Bisogna recuperare le ragioni di una compresenza tra due poli che non sono antitetici: come sostiene Giulio Giorello scienza e tecnica possono essere ancillari alla ricerca filosofica poiché sono in grado di offrire un supporto strumentale indispensabile al perseguimento di scopi e progetti esistenziali e di modelli di convivenza eticamente orientati. 

Filosofia non come speculazione teoretica ma come disciplina ordinativa e orientante.

Ci sono nuove sovrastrutture che lentamente sostituiscono le rappresentazioni ideologiche e le loro derive, la geopolitica e la geoeconomia interagiscono e si sovrappongono muovendo le pedine della finanza e degli interessi commerciali sullo scacchiere mondiale, secondo logiche espansive ed  egemoniche.

Tuttavia la crescita economica è spesso incompatibile con le regole imposte dalla natura: quando queste sono violate si possono verificare conseguenze dagli esiti imprevedibili.

Una intera umanità che gira con le mascherine, che è irreggimentata in divieti, regole, ordini, sanzioni pone interrogativi sul presente e sul futuro. 

Il Mondo nuovo di Aldous Huxley è alle porte: anzi lo stiamo già abitando.

Crescendo in media di 70 milioni ogni anno entro il 2050 raggiungeremo l’astronomica cifra di dieci miliardi di abitanti.

Come noto gli studi del biologo Edward O. Wilson ipotizzano in 6 miliardi di esseri umani il limite di tollerabilità ambientale, oltre il quale l’antropogenesi planetaria mette in discussione in modo reattivo e violento la soglia di sostenibilità ambientale.

E’ giunta l’ora che i governi degli Stati e gli Organismi internazionali impongano confini invalicabili all’invadenza espansiva della post-globalizzazione, che l’uomo la smetta di consumare e distruggere le risorse naturali e ambientali pena l’incombenza di ultimative condizioni di sopravvivenza delle specie, ivi compresa quella umana.

L’ ONU ha evidenziato che ci troviamo alle soglie della sesta estinzione della vita sul pianeta, la prima per mano dell’uomo.
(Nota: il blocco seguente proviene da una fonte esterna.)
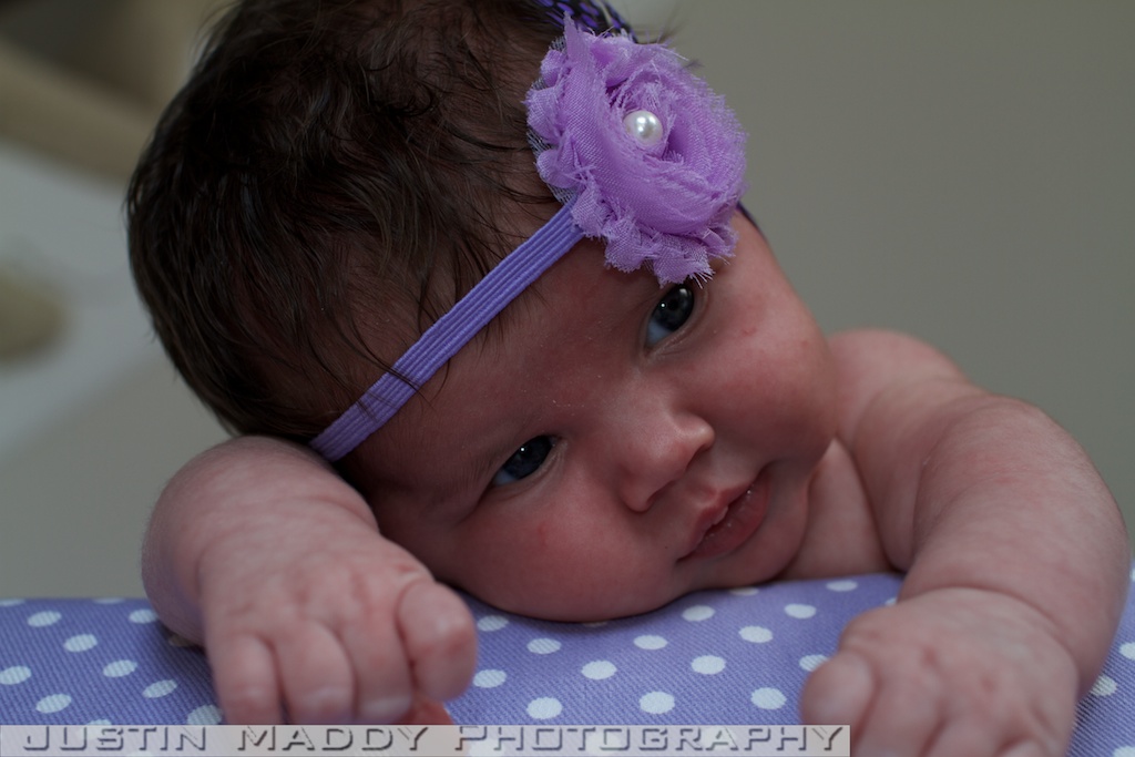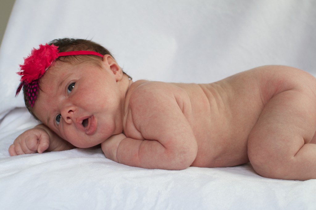 Harper is still such a good baby….honestly from her temperament to her feeding and sleeping schedule, she is awesome. She has never had her days or nights confused and basically only wakens for one feeding. I usually last nurse her around 11:30, nurse her again about 4:00 or 5:00 and then not again until 7:00ish….not bad for 4 weeks old! She certainly does make up for it during the day as she nurses almost every 2 hours much of the day; however, she takes 10 minutes or less on average to nurse so I can’t complain. We’re still working on her birth announcement (sigh) but should hopefully have it finalized this weekend. I purchased some bows from Amazon last week and was happy with the way the pictures turned out….not sure why we can’t figure out this birth announcement thing. Here are some of our favorite pictures from the past month. These first pictures Harper was only 5 days old….hard to believe as she looks older than that!

E’ inaccettabile che gli interessi dei singoli Stati o delle alleanze generate a livello geopolitico e geoeconomico ignorino il grido d’allarme ambientalista , sia esso quello lanciato da Greta Thunberg o rappresentato dagli atti degli organismi internazionali, troppo spesso ignorati.

Eppure autorevoli economisti, finanzieri, banchieri, politici e presunti tali non riescono a creare un nesso logico tra compromissione ambientale e tutti i temi canonici di cui si occupano: la crescita/decrescita del PIL è condizionata da un pull di fattori ma non è estranea al tema della sostenibilità tra natura e progresso.
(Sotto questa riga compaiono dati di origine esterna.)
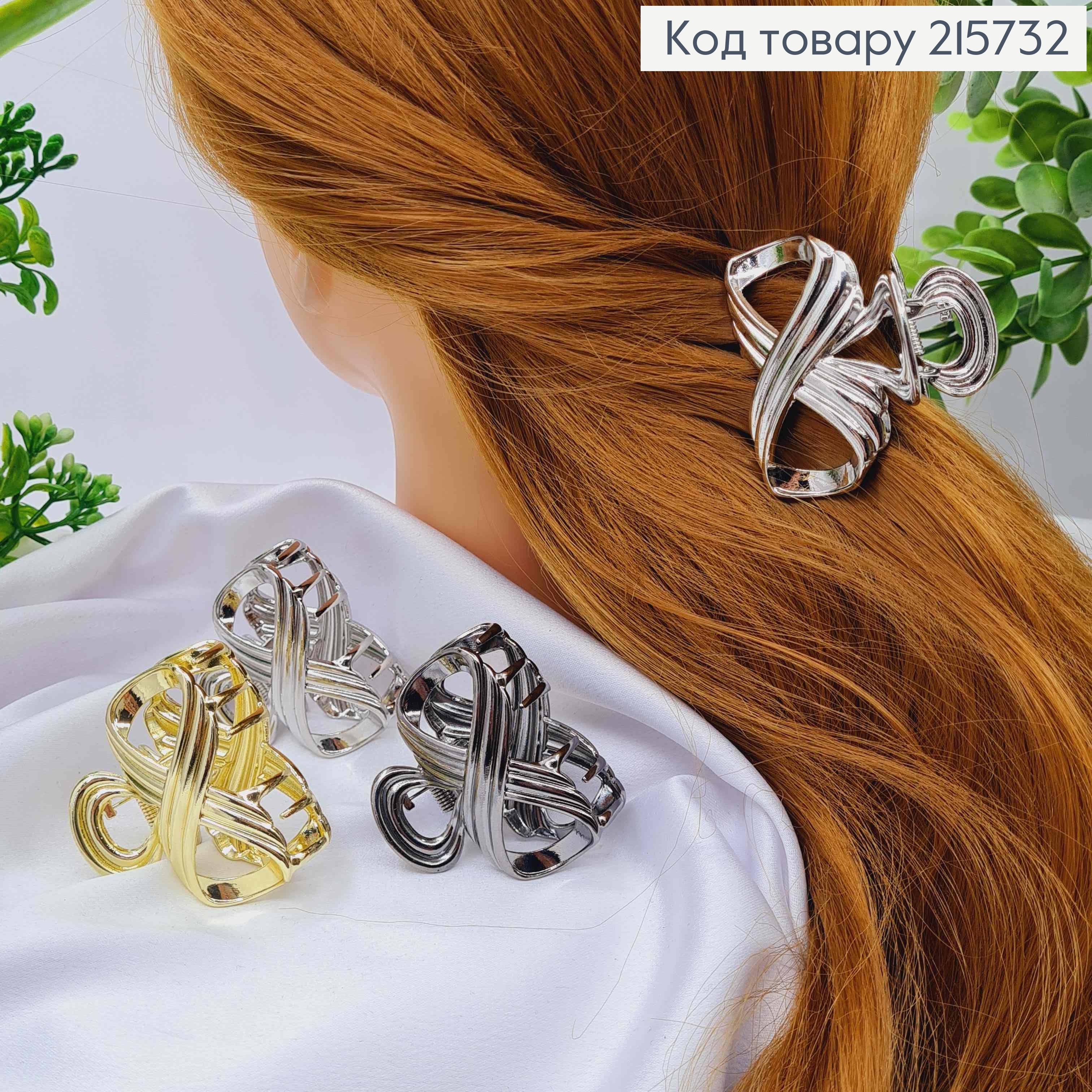 Краб метал, "Три сплетених кільця", 5см, Золото/Срібло/Металік кольори в асорт. 215777 фото
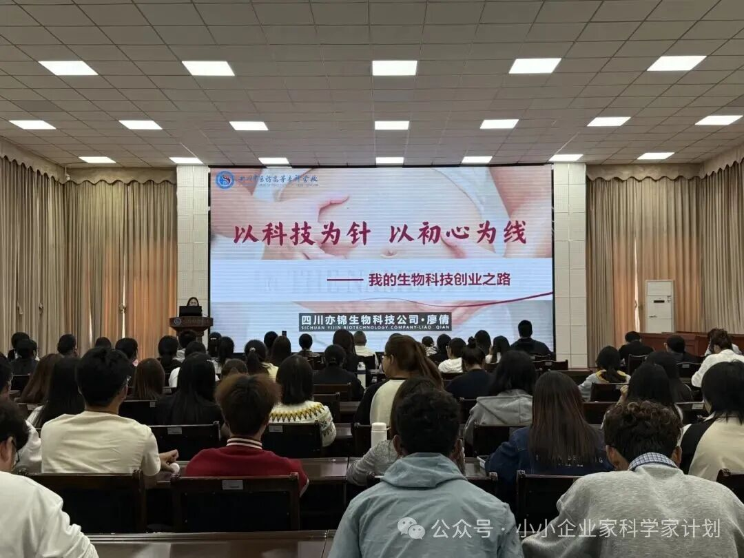 •廖倩(2025届护理学院毕业生,四川亦锦生物科技有限公司总经理)以 《以科技为针,以初心为线》 为题,讲述了如何将专业所学与市场需求相结合,坚守初心,走出了一条精彩的科技创业之路。

Il mondo sta tollerando una costosa burocrazia dell’inazione e dell’indecisione: istituzioni che producono Rapporti eloquenti nella loro drammaticità previsionale ma che non sortiscono esiti concreti e inversioni di rotta, poiché cozzano con le logiche appropriative, espansive e spartitorie delle grandi potenze 

Il tema della sostenibilità ambientale sovrasta ogni ragionevole discussione sui destini del mondo.

A cominciare dal processo di estinzione delle biodiversità, analizzato in tutta la sua drammatica attualità dai Rapporti ONU/OCSE/Ipbes dello scorso anno, più volte citati anche in relazione agli studi e alle ricerche che hanno messo e mettono in relazione questo fenomeno con l’eziopatogenesi del flagello pandemico planetario in atto.

L’impreparazione dell’umanità in generale ad un simile evento e lo scomposto reagire della politica mondiale – tra delirio di onnipotenza e di controllo da un lato ed empiriche soluzioni di contenimento e di profilassi e terapia dall’altro  – hanno messo in evidenza la forza dirompente e reattiva della natura ad una costruzione antropocentrica della realtà.

Così come è impostato, il concetto di progresso illimitato invera e suscita la reazione di quella parte della natura che biologicamente reagisce per non essere soggiogata allo strapotere umano.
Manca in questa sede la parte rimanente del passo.